Friday, January 05, 2007

Award season buzz

A colleague pointed out to me that my posting on KofA is prominently displayed on Megan Whalen Turner's website...happily, appropriately attributed.

There's always been a word-of-mouth award buzz this time of year in the children's literature community. As that buzz happens more and more online, in such an easily copy-and-pasteable world, the buzz can turn into a slither... of worms escaping their can.

Here's parts of my reply to my colleague, in response to whether or not I'd be doing this next year, when I'm chairing the 2008 Newbery committee:

I won't do this myself next year, but I'm hoping a certain colleague of mine will take it over. The confidentiality issue [see p.13 in the manual] is an interesting one, with several levels.

All actual committee discussions, lists, and voting are confidential forever. There are a couple of purposes to this: mainly, so that committee members are free to say whatever they need to in discussion. Secondly, so that the award winning books "stand" as a committee consensus, without a lot of the second-guessing-gossip that you see in other awards (remember Roger's post?).

Individual committee members, though, HAVE to be able to always state their individual opinions about books, exactly so that they CAN discuss books throughout the year and form well-thought justifications. Also, it's just silly to expect someone not to express an opinion for a year.

As an example: I was on the 2004 committee that chose Tale of Despereaux as the winner and An American Plague and Olive's Ocean as honor books. I can tell you what I appreciate about these books, and what the committee as a whole appreciated about them. I can also tell you what other books I personally appreciated that year...but not what the committee thought about other books that year. That year, I continued to review titles in SLJ that carried the tag "Nina Lindsay, Oakland Public Library"....and some people knew that I was on the Newbery, but I didn't advertise it.

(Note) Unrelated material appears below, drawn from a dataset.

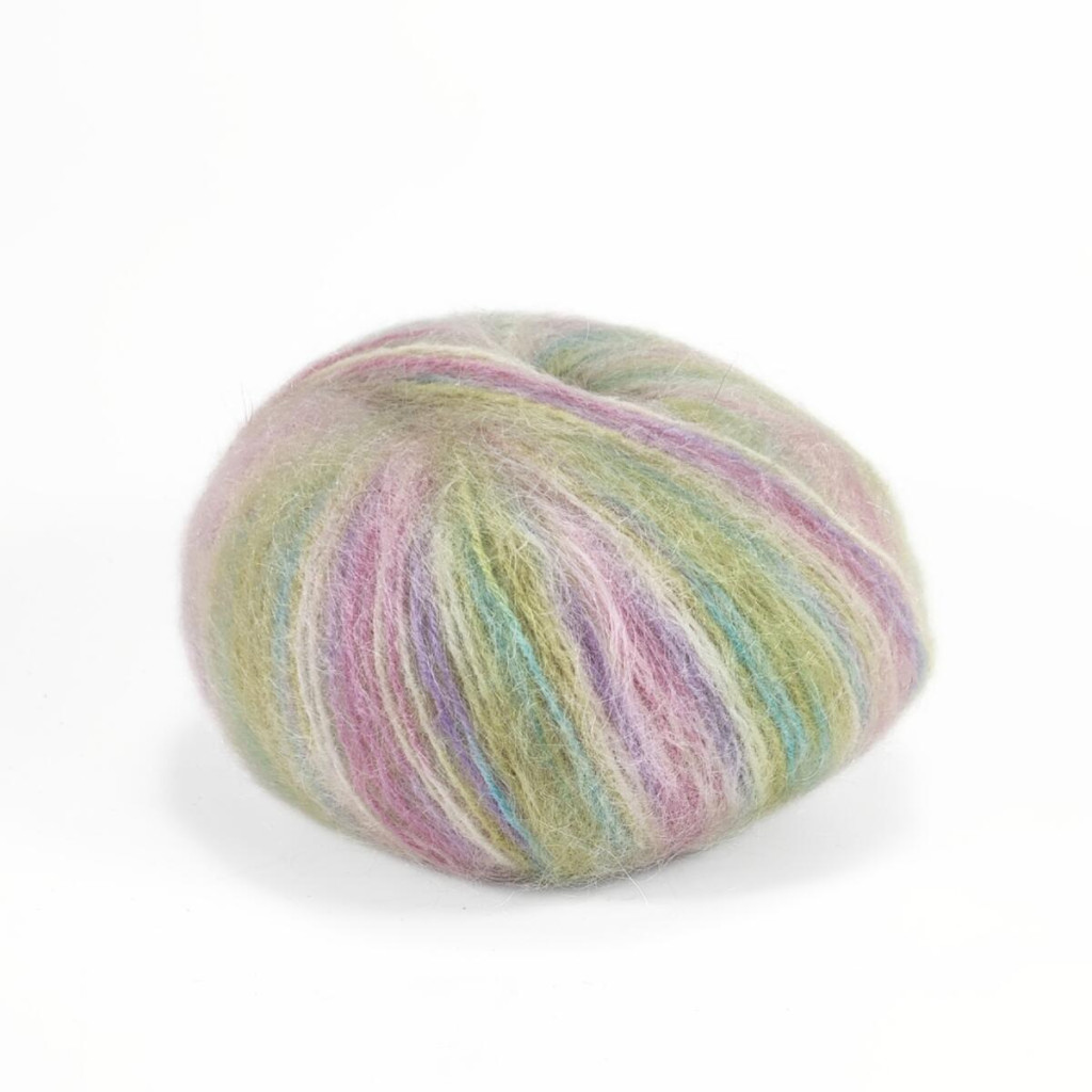Мохер надає пряжі характерної пухнастості та повітряності, а вовна забезпечує тепло й стабільність полотна. Мультіколорне фарбування робить кожен виріб унікальним і дозволяє отримати ефектний результат навіть у найпростішому в’язанні.

It is wise to consider what the world at large (and especially the blog-savvy children's lit world) will perceive. In 2003, since I wasn't chair of the committee, I figured it was fine to run my Mock Newbery (and committee procedures do encourage this)...and someone posted my listserv announcement of the winners of our discussion on amazon's listmania as something like "Nina Lindsay's Newbery picks." Now, at least they didn't claim that these were real Newbery picks. One year, in fact, someone forged a list of "This year's Newbery winners" on listmania, before the actual announcement, signing in with the chair's name and committee affiliation!

So now consider the posting of my comment on Turner's website. (I very purposefully called these "MockNominations" as one word so they would get repeated as such. I've also very purposefully not mentioned, until now, on this blog that I'm chairing next year's committee, or even included my last name or library affiliation. But that didn't fool anyone.) I wouldn't want this to happen in a year I was on the committee...even though it doesn't breach confidentially explicitly, it could be misinterpreted. I ESPECIALLY don't want this happening when I'm chairing the committee, as the chair's main job is to facilitate open and productive discussion.